-- Work to complete --
Copy only what lies from the line containing "Aquarius 50 |" through the line containing "在ELF Header的属性中时,其中有一个Entry point" in the entries below, keeping both end lines exact and dropping every picture.

-- Dataset extract --
┄┄┄┄┄┄┄┄┄┄
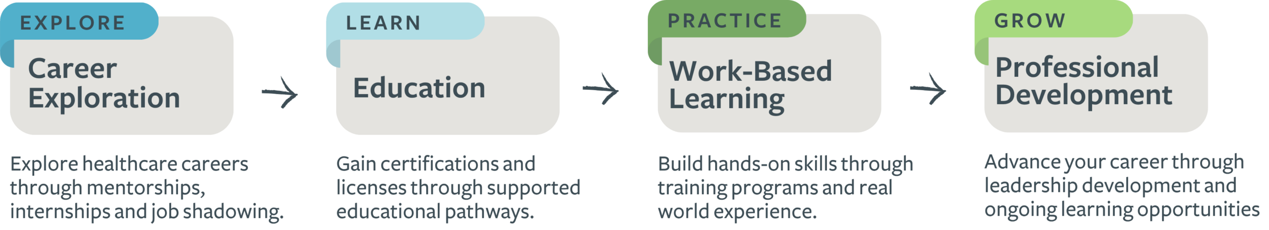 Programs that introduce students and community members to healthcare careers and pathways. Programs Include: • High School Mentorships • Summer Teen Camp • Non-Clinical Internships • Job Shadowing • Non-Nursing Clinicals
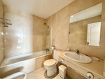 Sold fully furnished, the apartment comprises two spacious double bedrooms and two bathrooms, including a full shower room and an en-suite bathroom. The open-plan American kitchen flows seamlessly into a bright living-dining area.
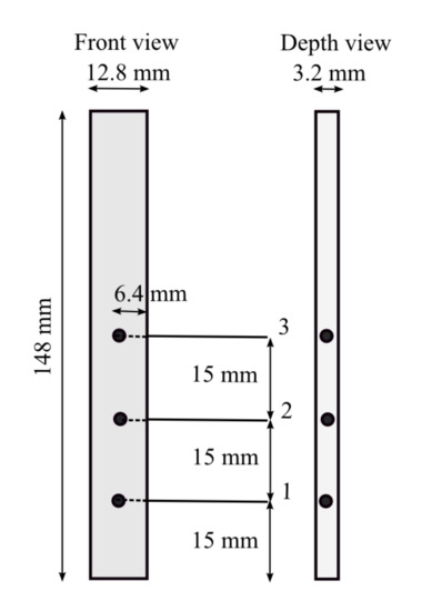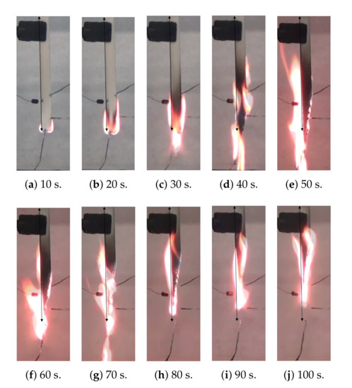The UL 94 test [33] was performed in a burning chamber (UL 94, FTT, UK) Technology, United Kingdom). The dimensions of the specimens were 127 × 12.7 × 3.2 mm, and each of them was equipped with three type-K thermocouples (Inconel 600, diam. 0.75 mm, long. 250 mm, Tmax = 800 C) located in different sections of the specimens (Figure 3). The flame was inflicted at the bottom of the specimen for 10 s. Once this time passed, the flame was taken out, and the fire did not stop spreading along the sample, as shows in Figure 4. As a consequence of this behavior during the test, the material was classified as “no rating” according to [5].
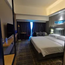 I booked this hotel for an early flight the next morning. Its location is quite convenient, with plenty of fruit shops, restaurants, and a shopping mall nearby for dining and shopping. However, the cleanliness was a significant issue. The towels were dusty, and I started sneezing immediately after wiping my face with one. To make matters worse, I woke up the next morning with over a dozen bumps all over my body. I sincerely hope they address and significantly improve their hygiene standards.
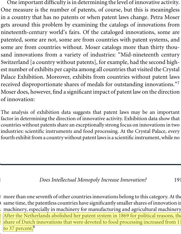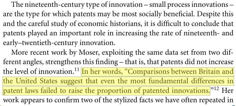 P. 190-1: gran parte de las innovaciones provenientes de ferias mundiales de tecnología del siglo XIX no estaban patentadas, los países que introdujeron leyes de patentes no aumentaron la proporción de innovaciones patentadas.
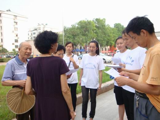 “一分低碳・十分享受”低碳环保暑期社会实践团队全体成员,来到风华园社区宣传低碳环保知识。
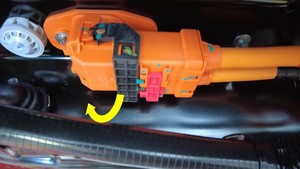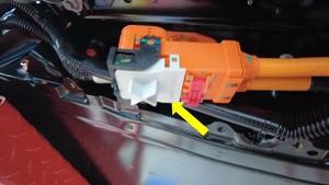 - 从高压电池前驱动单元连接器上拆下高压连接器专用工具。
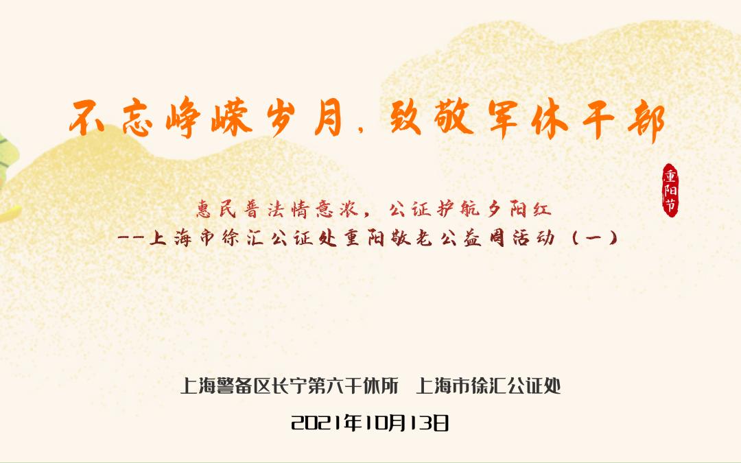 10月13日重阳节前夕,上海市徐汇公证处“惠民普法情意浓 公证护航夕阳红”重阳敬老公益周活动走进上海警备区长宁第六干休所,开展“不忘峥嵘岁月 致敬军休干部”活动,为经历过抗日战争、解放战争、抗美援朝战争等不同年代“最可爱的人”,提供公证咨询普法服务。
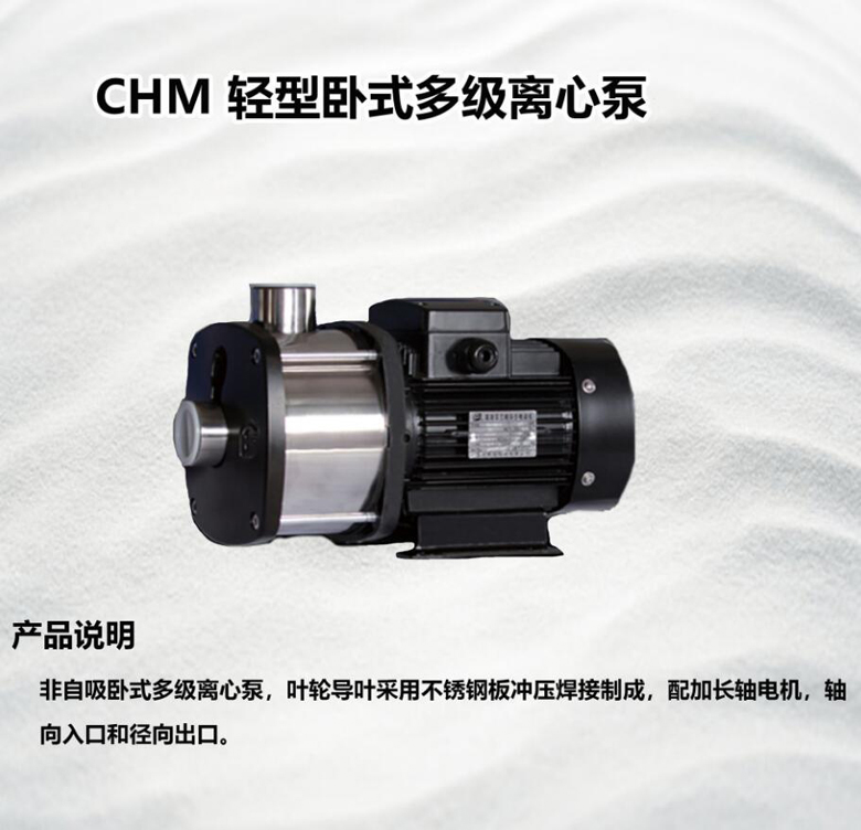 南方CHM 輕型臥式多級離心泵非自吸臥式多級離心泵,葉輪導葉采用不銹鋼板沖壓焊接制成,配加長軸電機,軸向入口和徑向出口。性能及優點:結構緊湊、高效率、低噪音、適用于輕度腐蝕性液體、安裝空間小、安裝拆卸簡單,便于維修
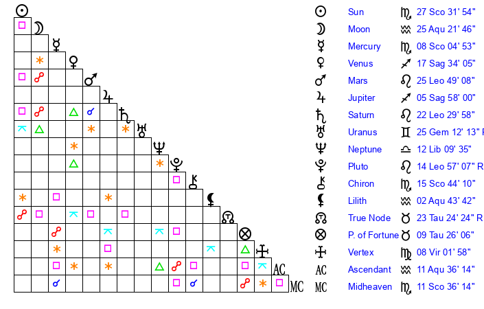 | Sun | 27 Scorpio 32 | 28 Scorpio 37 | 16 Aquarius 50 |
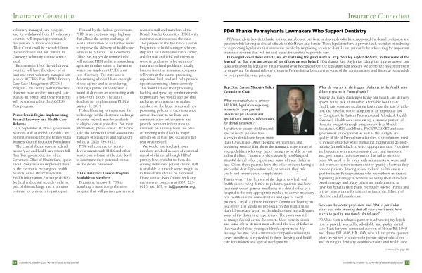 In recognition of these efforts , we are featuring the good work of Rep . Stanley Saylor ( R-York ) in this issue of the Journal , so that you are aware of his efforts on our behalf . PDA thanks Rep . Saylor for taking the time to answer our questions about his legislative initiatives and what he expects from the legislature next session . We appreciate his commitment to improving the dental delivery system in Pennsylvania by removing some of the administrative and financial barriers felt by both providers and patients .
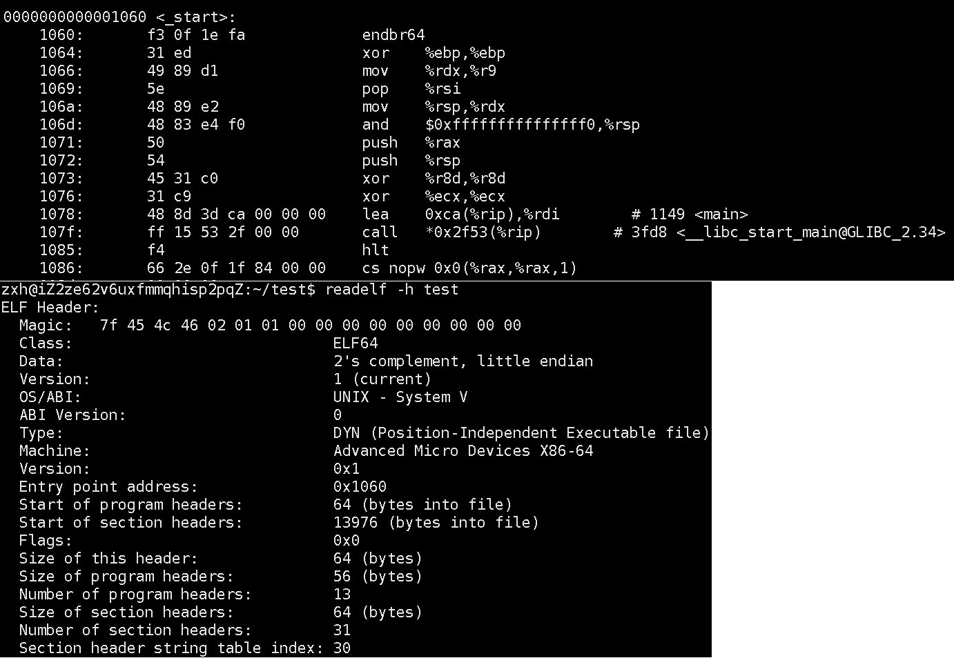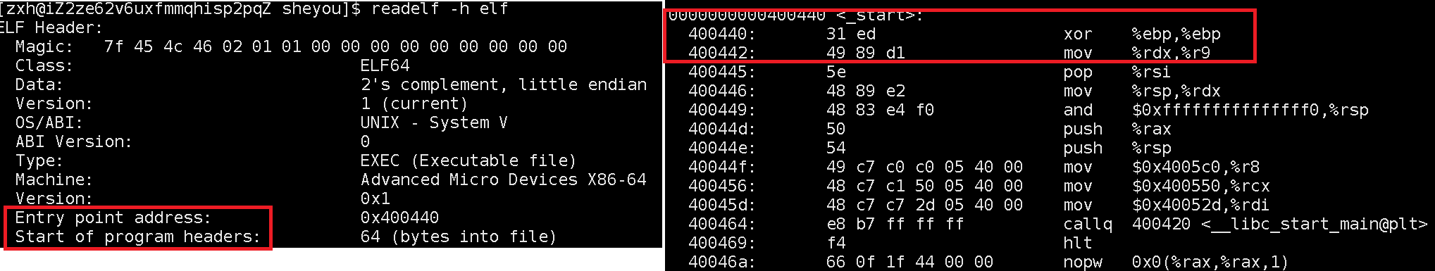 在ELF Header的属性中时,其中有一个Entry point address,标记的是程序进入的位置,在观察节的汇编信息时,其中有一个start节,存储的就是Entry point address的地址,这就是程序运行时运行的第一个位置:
┄┄┄┄┄┄┄┄┄┄
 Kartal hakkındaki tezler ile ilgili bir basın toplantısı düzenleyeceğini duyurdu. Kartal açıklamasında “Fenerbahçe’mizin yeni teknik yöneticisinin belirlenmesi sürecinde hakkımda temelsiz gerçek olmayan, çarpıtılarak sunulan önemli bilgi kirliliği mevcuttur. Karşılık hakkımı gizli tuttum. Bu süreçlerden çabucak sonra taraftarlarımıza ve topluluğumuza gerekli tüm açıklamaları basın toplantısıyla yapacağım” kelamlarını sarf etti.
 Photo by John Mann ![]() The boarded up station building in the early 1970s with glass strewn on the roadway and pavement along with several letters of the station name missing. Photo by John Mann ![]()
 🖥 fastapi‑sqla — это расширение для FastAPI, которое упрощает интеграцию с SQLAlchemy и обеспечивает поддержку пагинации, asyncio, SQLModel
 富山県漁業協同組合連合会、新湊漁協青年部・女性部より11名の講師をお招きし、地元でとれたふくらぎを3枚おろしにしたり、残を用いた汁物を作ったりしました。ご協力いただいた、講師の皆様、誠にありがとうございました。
┄┄┄┄┄┄┄┄┄┄
-- Answer space --
 | Sun | 27 Scorpio 32 | 28 Scorpio 37 | 16 Aquarius 50 |
 In recognition of these efforts , we are featuring the good work of Rep . Stanley Saylor ( R-York ) in this issue of the Journal , so that you are aware of his efforts on our behalf . PDA thanks Rep . Saylor for taking the time to answer our questions about his legislative initiatives and what he expects from the legislature next session . We appreciate his commitment to improving the dental delivery system in Pennsylvania by removing some of the administrative and financial barriers felt by both providers and patients .
 在ELF Header的属性中时,其中有一个Entry point address,标记的是程序进入的位置,在观察节的汇编信息时,其中有一个start节,存储的就是Entry point address的地址,这就是程序运行时运行的第一个位置:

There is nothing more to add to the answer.